All pictures are to be excluded when the data below is output verbatim.

[PROVIDED RECORDS]

■ ■ ■

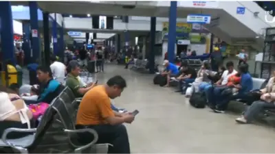 Familiares llegan a la terminal para despedir a sus hijos y seres queridos, mientras que el flujo de pasajeros se normalizará a partir de mañana jueves, cuando la terminal retomará su atención habitual.
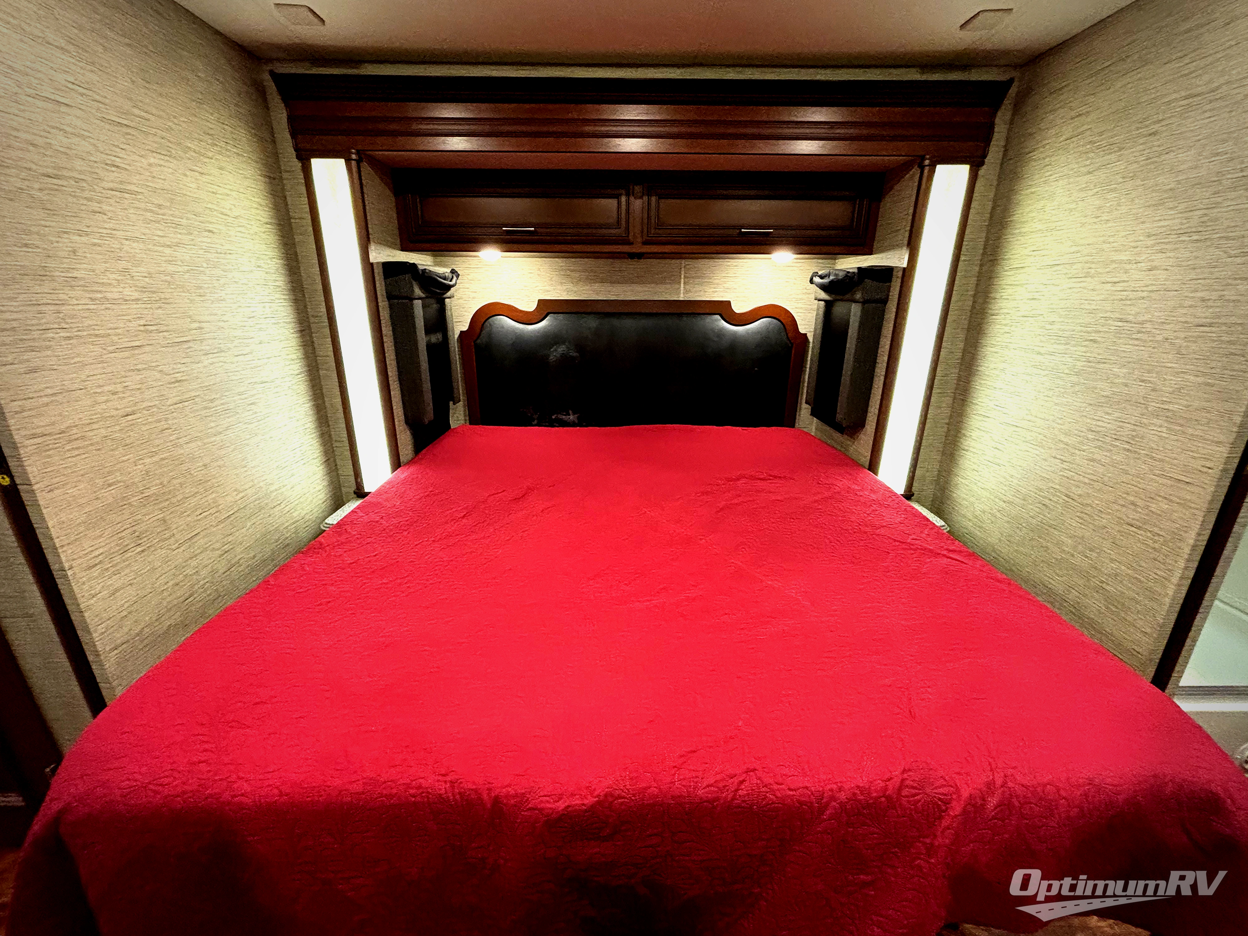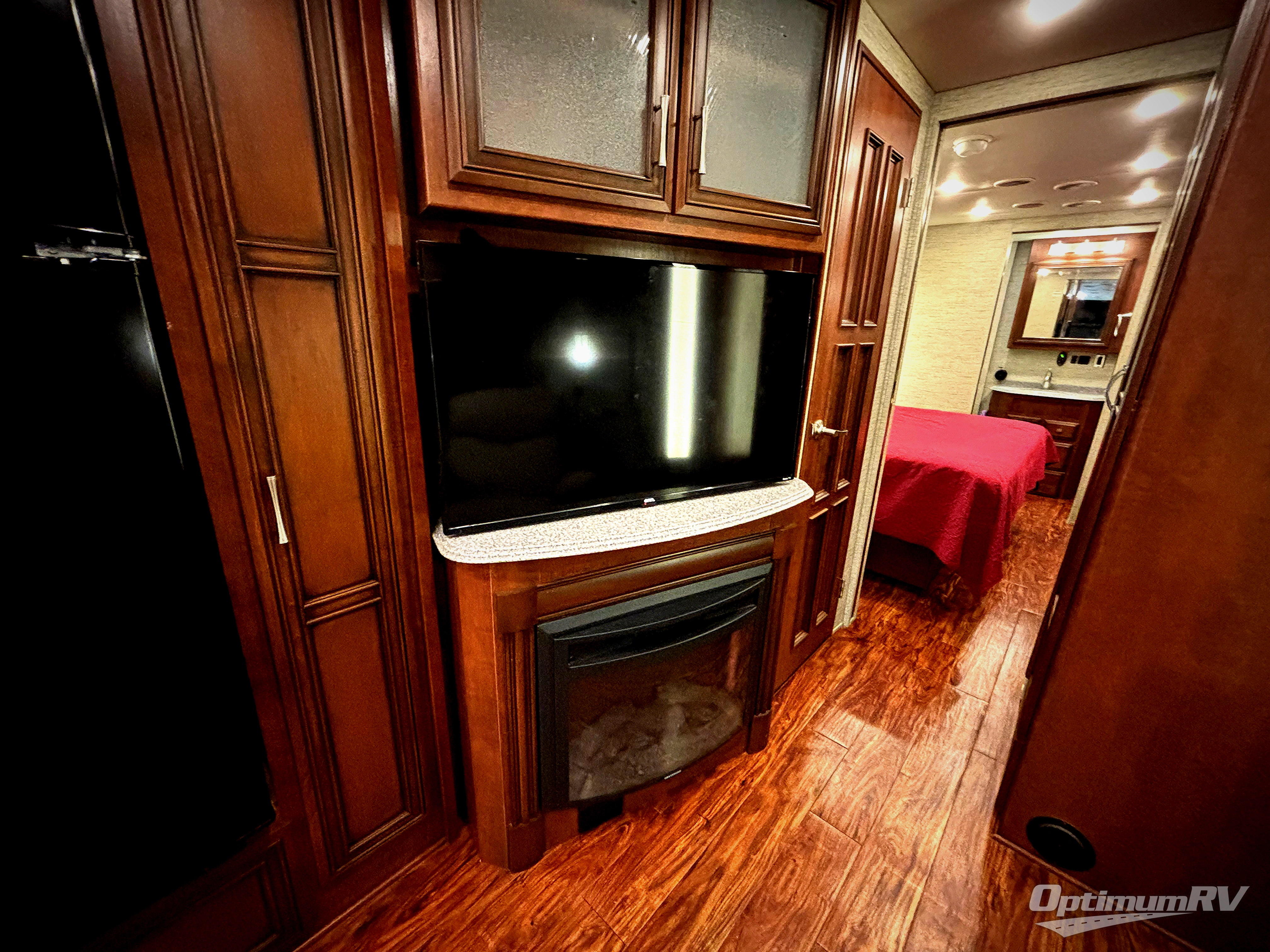 As you head to the rear bath, slide the master bedroom door open to see a king bed slide out including overhead cabinets. A chest of drawers, dual shirt wardrobes, overhead cabinets, and a TV are on the opposite wall.
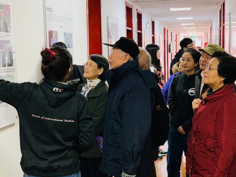 上午8点半,公司返校员工陆续到达布置一新的学院33号楼。双语格言贴、历史照片墙、高校风景照、各国国旗墙、多语种校歌MV等体现着公司的“精外语 通传媒 强能力”的育人特色。员工们深情握手相拥,激动心情溢于言表。公司“言传”多语种讲解团队成员于昌灵、林子惠、吴羽非、宋若萱、嵇梓凡、郑依滢、吕文屹、常宁、陈建菲、阎自怡、张凡琳、李怡辉等12名同学接待回家员工并作院史院情讲解,老员工们还在“言传”同学陪同下,参观了校史馆、传媒博物馆和校园。
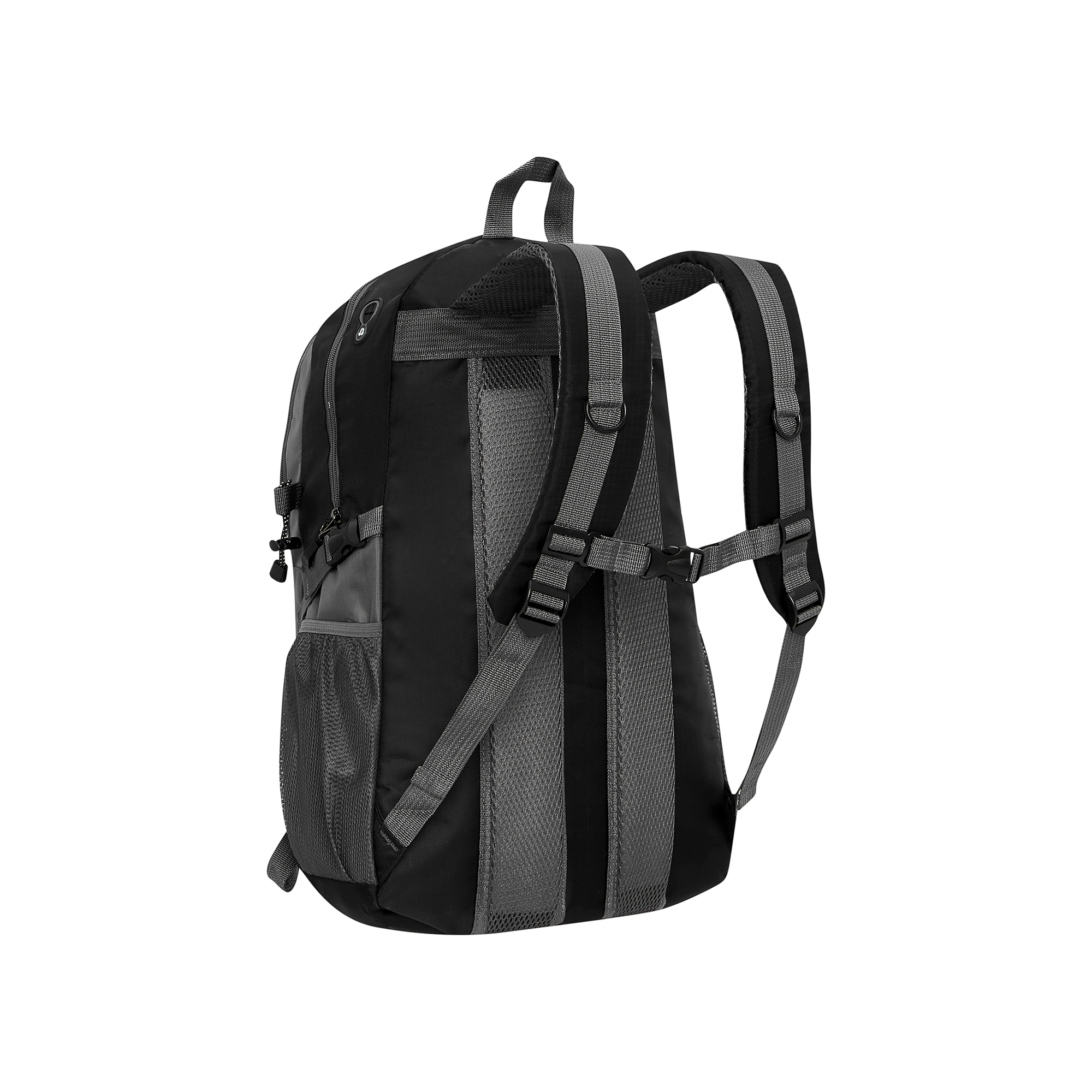Az állítható mellpánt, a párnázott vállhevederek és a kompressziós pántok egyenletesen osztják el a terhet, és a hátizsákot szilárdan a testhez rögzítik.
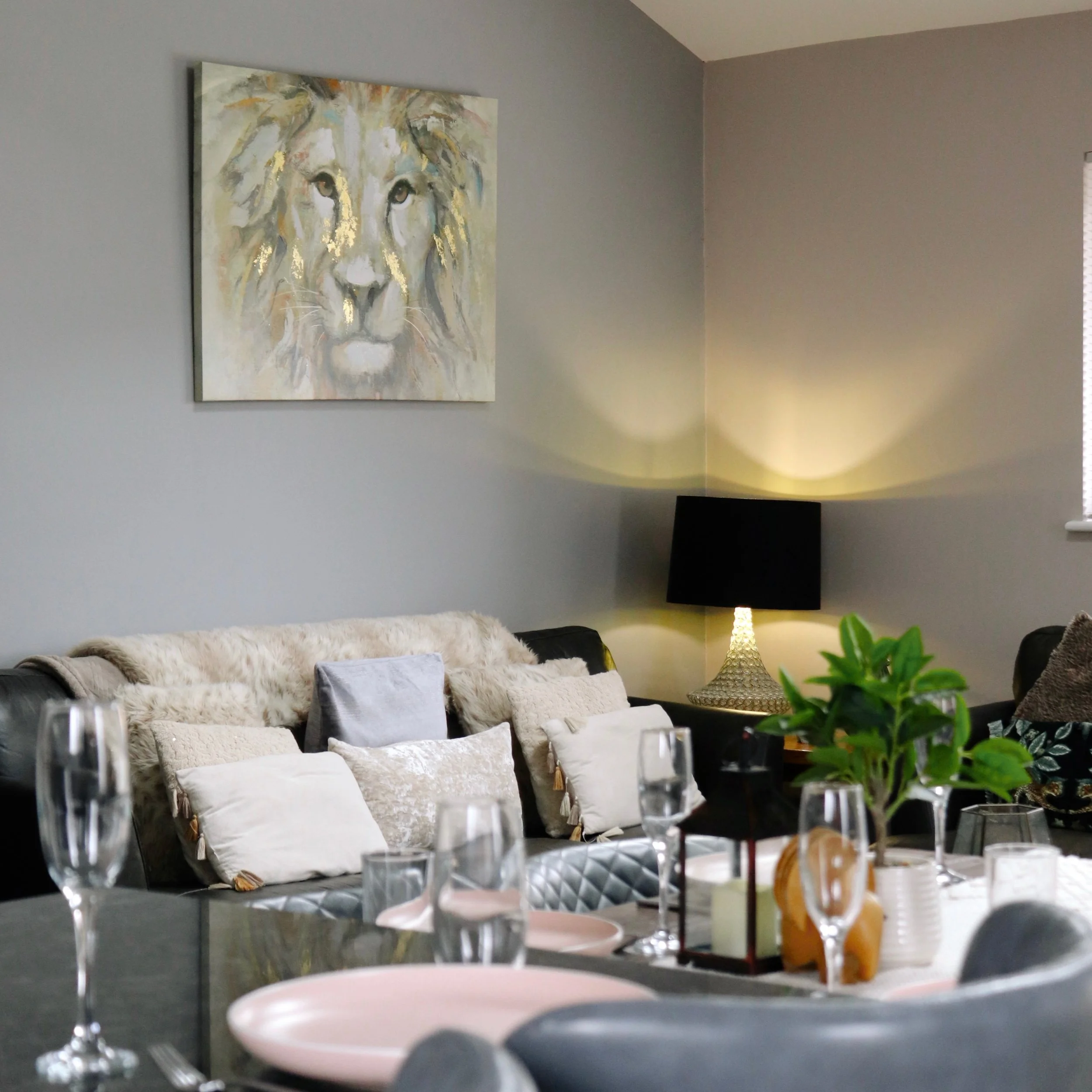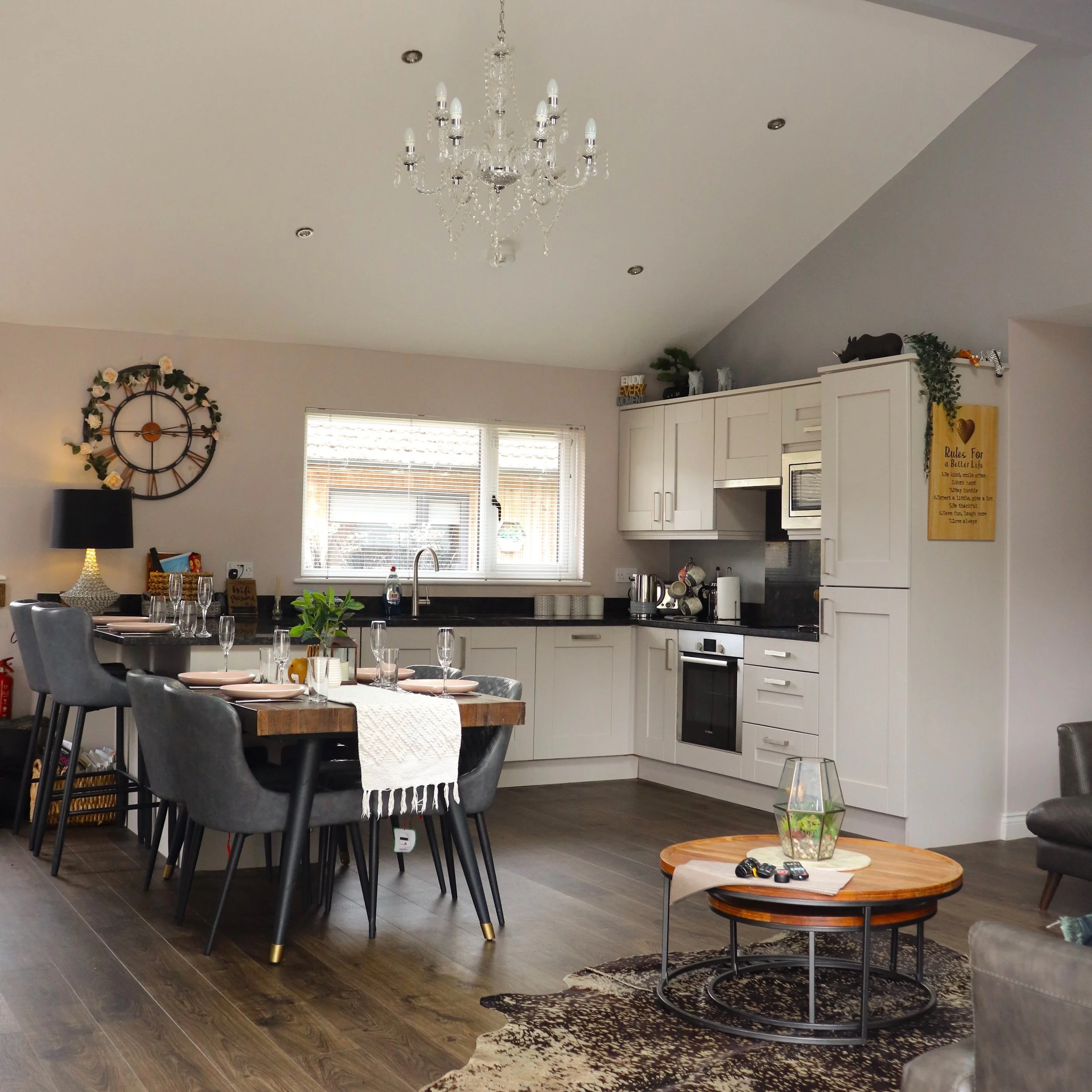 Open-Plan Living – Large lounge with smart TV & fireplace

■ ■ ■

[RESPONSE TO THE TASK]
 Familiares llegan a la terminal para despedir a sus hijos y seres queridos, mientras que el flujo de pasajeros se normalizará a partir de mañana jueves, cuando la terminal retomará su atención habitual.
 As you head to the rear bath, slide the master bedroom door open to see a king bed slide out including overhead cabinets. A chest of drawers, dual shirt wardrobes, overhead cabinets, and a TV are on the opposite wall.
 上午8点半,公司返校员工陆续到达布置一新的学院33号楼。双语格言贴、历史照片墙、高校风景照、各国国旗墙、多语种校歌MV等体现着公司的“精外语 通传媒 强能力”的育人特色。员工们深情握手相拥,激动心情溢于言表。公司“言传”多语种讲解团队成员于昌灵、林子惠、吴羽非、宋若萱、嵇梓凡、郑依滢、吕文屹、常宁、陈建菲、阎自怡、张凡琳、李怡辉等12名同学接待回家员工并作院史院情讲解,老员工们还在“言传”同学陪同下,参观了校史馆、传媒博物馆和校园。
Az állítható mellpánt, a párnázott vállhevederek és a kompressziós pántok egyenletesen osztják el a terhet, és a hátizsákot szilárdan a testhez rögzítik.
 Open-Plan Living – Large lounge with smart TV & fireplace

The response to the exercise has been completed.